Les conséquences de ces écarts, notamment en termes d'accessibilité aux soins les plus courants, n'ont pas été évaluées jusqu'ici. C'est particulièrement vrai pour les déremboursements de médicaments. Cette absence de suivi est d'ailleurs critiquée par le Collectif interassociatif sur la santé CISS), qui reproche à Roselyne Bachelot une « politique de gribouille ». Toutefois, les premières études semblent montrer que le déremboursement d'une spécialité en diminue de manière importante la consommation. Et cela d'autant plus que les médicaments, n'étant plus remboursés, voient leur prix de vente fixé librement par les pharmaciens et leur TVA augmenter de 3,4 %. Conséquence : le prix des médicaments non remboursés a plus que doublé ces vingt dernières années.

Cette situation aboutit à des écarts surprenants.
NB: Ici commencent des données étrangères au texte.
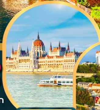
ส่องเรือแม่น้ำดานูบ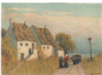
В Бретани. 1910. К., м. 34,4x47,8. ЧС

Ainsi, l'ibuprofène 200 mg en boîte de 30 comprimés, remboursée par l'assurance maladie, est vendu 1,91 euros, tandis qu'une boîte d'Ibuprofène 200 mg dans un format plus petit (20 comprimés), non remboursée dans ce conditionnement, peut être vendue dans certaines officines jusqu'à 3 euros. Il n'est donc pas étonnant que toutes les enquêtes constatent une hausse du taux de renoncement aux soins des populations les plus pauvres. En 2007, 12 % des personnes gagnant moins de 2 500 euros par mois avaient connu cette situation.

C'est d'ailleurs ce que cherche à éviter le gouvernement, en instaurant un nouveau taux de remboursement à 15 %. Ce taux, très faible, permet cependant que les prix des spécialités concernées continuent d'être encadrés par l'assurance maladie, au risque de complexifier les règles qui définissent ce qui est remboursé et ce qui ne l'est pas. La délimitation du panier de soins pris en charge par la solidarité nationale reste, en effet, la principale question posée par cette politique de déremboursement.